When I reach him, I don’t kneel.
Not yet.
I stop between his knees and look up at him. The room seems to hold its breath with me.
Cal studies me for a long moment, his gaze slow and steady. The kind that sees.
Then he lifts his hand and touches the side of my face, his thumb grazing my cheekbone with reverent care.
“You know what this is for.”
I nod. My throat’s too tight for words. I swallow hard, the sound loud in my ears.
His thumb brushes under my eye, and the gesture is so gentle it almost undoes me.
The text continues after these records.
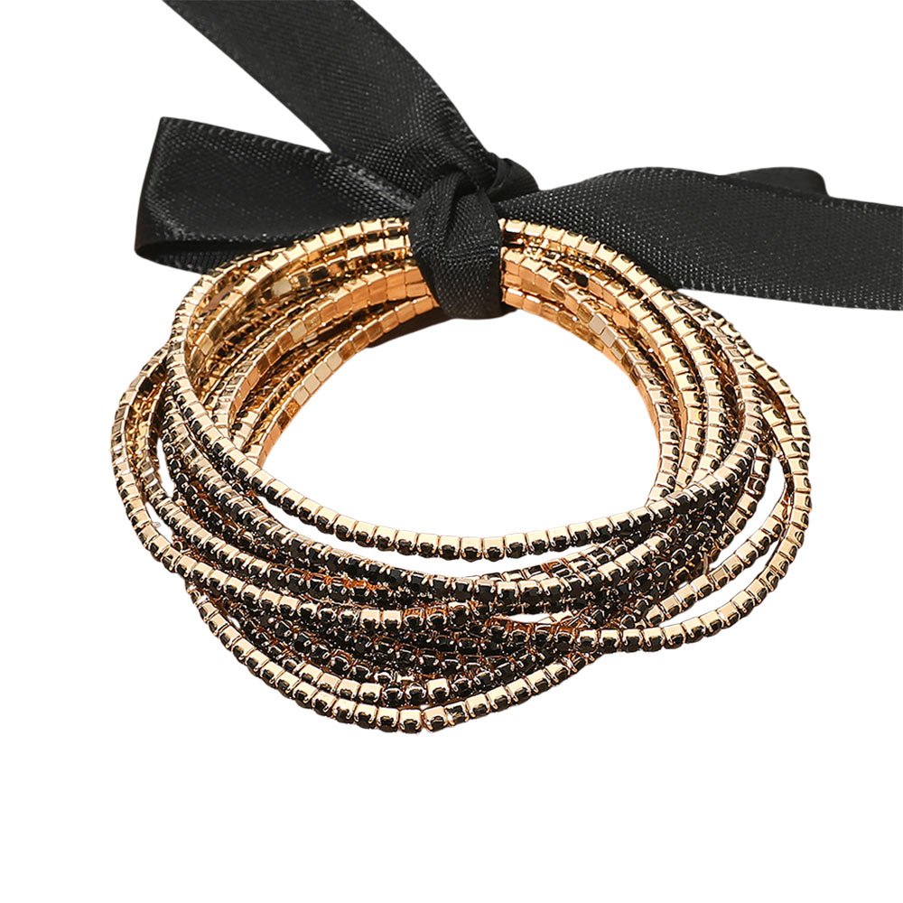 12PCS - Ribbon Slim Rhinestone Stretch Multi Layered Bracelet
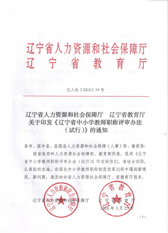 辽宁省人力资源和社会保障厅 辽宁省教育厅关于印发《辽宁省中小学教师职称评审办法(试行)》的通知
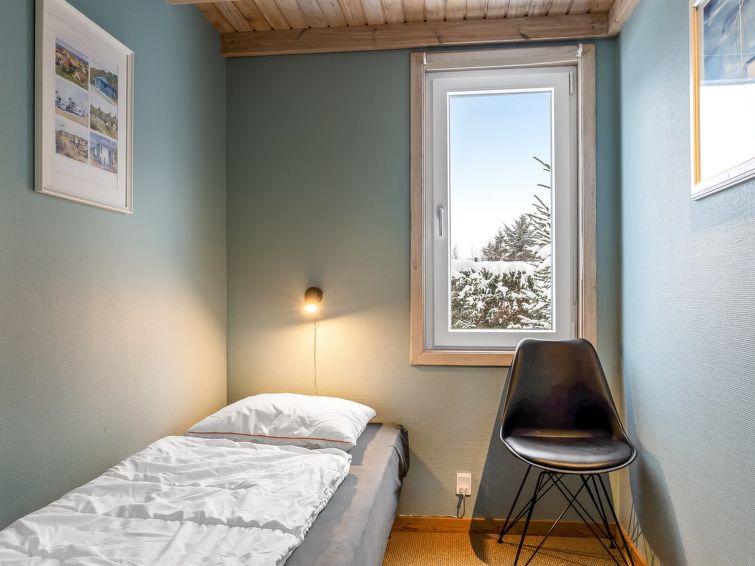 Enmannsbolig, bygget i 2000. 1.5 km fra sjøen. Privat: uberørt tomt 1'600 m2. Terrasse (60 m2), grill. I huset: vaskemaskin, tørketrommel. Parkering ved hbrukt. Bilporten. Daglivarehandel 3 km. Golfbane 8 km. Eieren godtar ikke noen ungdomsgrupper.
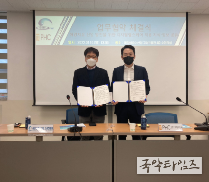 국악타임즈 황원일 기자 | 해양심층수산업 고성진흥원은 지난 1월 10일 디지털헬스케어기업 ㈜피에이치씨와 상호 신뢰를 바탕으로 한 업무제휴 협약(MOU)을 체결했다.
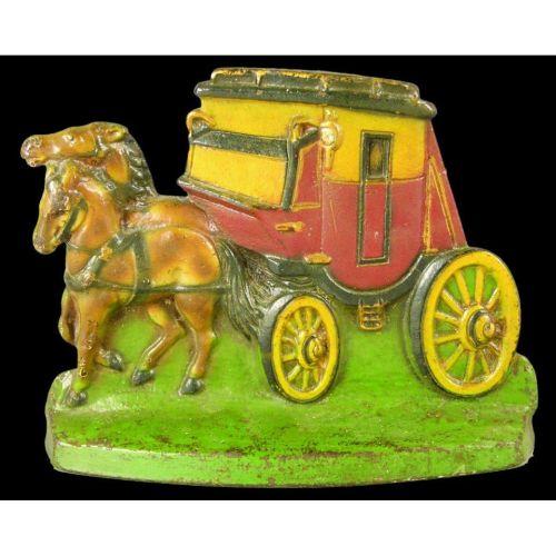 Cast Iron Stage Coach Door Stop. Most original paint intact. Excellent condition. 8 1/2 wide x 6 1/2 tall.
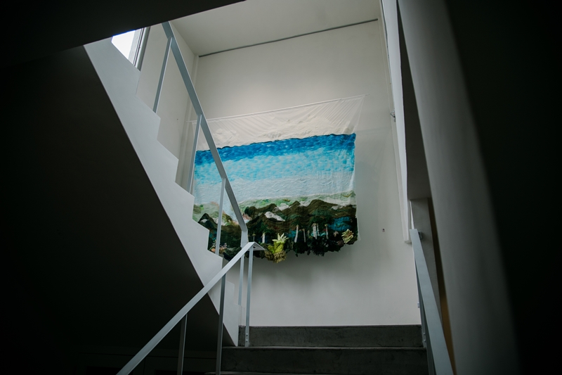 在設計中心的樓梯間,有羊毛氈藝術家王荷瑄,對於山-海-人 People &Culture,將文化採集的過程收斂在作品上,用羊毛氈跟刺繡的技法,把旅行的過程,將細節創作在掛簾上。
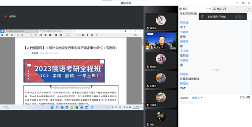 为了增加大一新生对专业方向选择的了解,提高学习核心专业课的动力,公司于9月26日8:00用腾讯会议开展了俄语专业入门指导教育课,由程海东老师担任主讲教师,公司2022级俄语专业的同学参加。
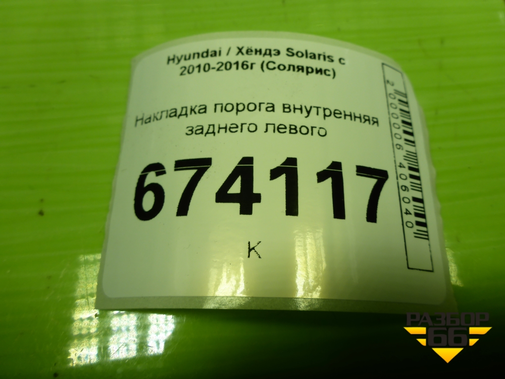 Накладка порога внутренняя заднего левого (858761R000) для Hyundai Solaris с 2010-2016г (Солярис) в Краснодаре
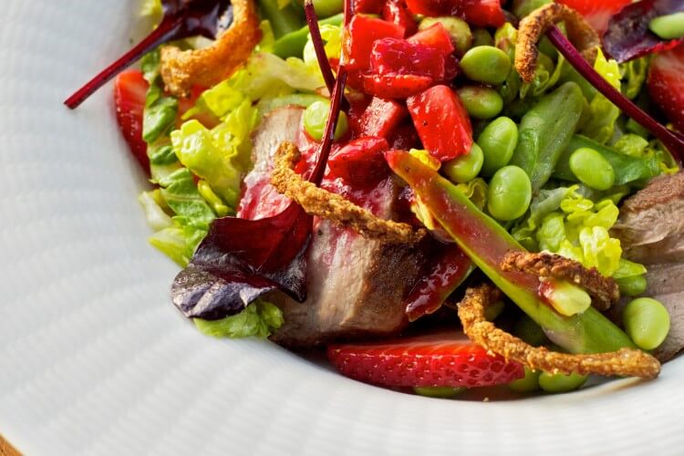 Kom jordbærdressingen hen over kødet, de sprøde svær kommes på toppen af salaten og til sidst friskkværnet sort peber.
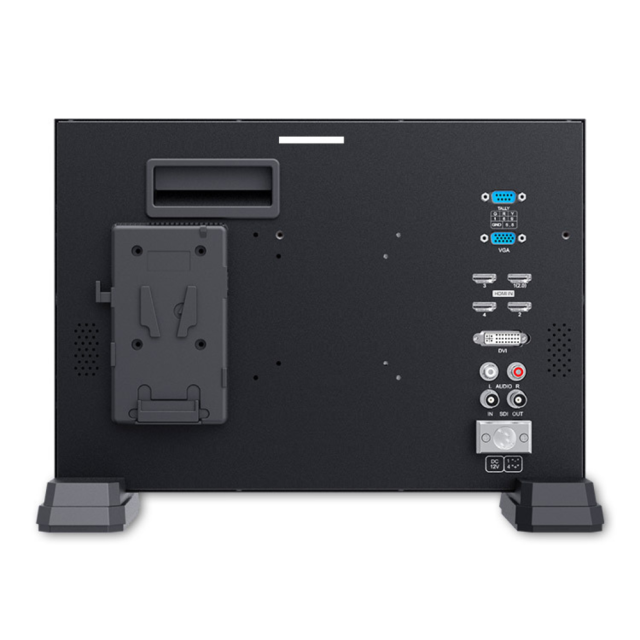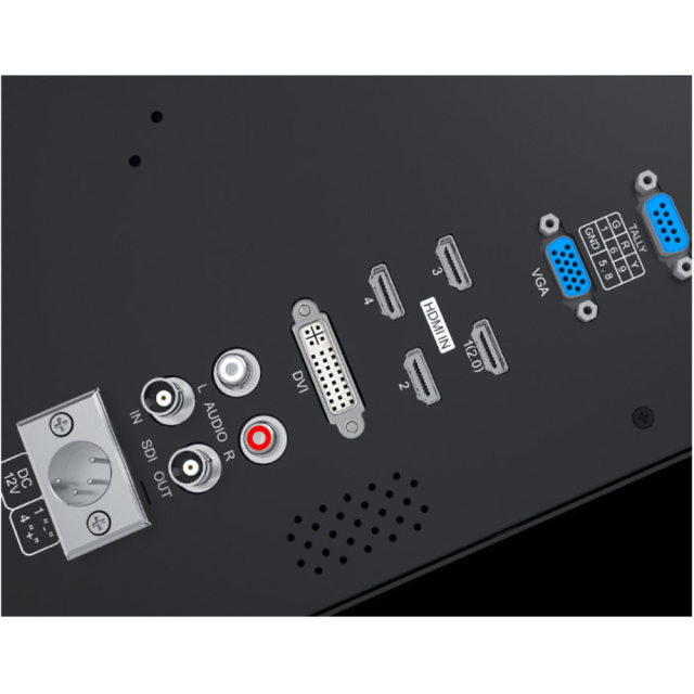 Hochwertiger Overhead-Monitor mit 15,6 IPC-LCD-Panel (3840x2160, 16:9, 300 cd/m², 170° Betrachtungswinkel) und 1x SDI-, 4x HDMI-, DVI-, VGA- und Audio (L/R)-Eingängen. Mit integriertem Quad View/Picture in Picture und 1xSDI/4xHDMI Eingängen ist es möglich, bis zu 4 Videoquellen (SD, HD-SDI, 3G-SDI und 4K HDMI 2160p) gleichzeitig zu betrachten! Der Monitor verfügt außerdem über eine Signalleuchte, einen SDI-Ausgang, einen integrierten Lautsprecher, einen Kopfhörerausgang, eine V-Mount-Batterieplatte (optional Gold Mount), einen Stromeingang mit XLR4-Anschluss und eine robuste Aluminiumblende. Natürlich gibt es auch Funktionen für die Schärfeunterstützung, den Zoom, die Pixel-zu-Pixel-Ansicht, die Bilddrehung, die Halbbildkontrolle usw.

“This is punishment, little one, but it’s not about anger.”
I nod again. Slower.
“This is because I love you,” he says. “Because you’re mine. You’re my girl. And when you run into the dark, without shoes, without thinking—when you put yourself in danger like that—I feel it.”
That undoes me a little.
I look down, shoulders curling in.
“I’m sorry,” I whisper.
“I know,” he says gently. “But this isn’t about guilt. It’s about grounding.”
He pauses.
"It's consequence, baby. Say it for me."
I lift my eyes.
"It's consequence."
He nods once.
“For breaking a rule. A safety rule. That’s all this is, baby. A consequence. And when it’s done, it’s done.”
He opens his arms.
“Over my lap.”
I don’t try to talk my way out of it.
Not this time.
I don’t tell him I’m too much. Or that it won’t help. Or that it’s only more trouble.
Because I know what this is.
Because I need what this is.
Even if I try to take it as quietly as I can.
I shift forward, lowering myself over his lap, breath catching as I settle. My body hesitates for a half second—like it always does—caught between the instinct to flinch and the choice to surrender.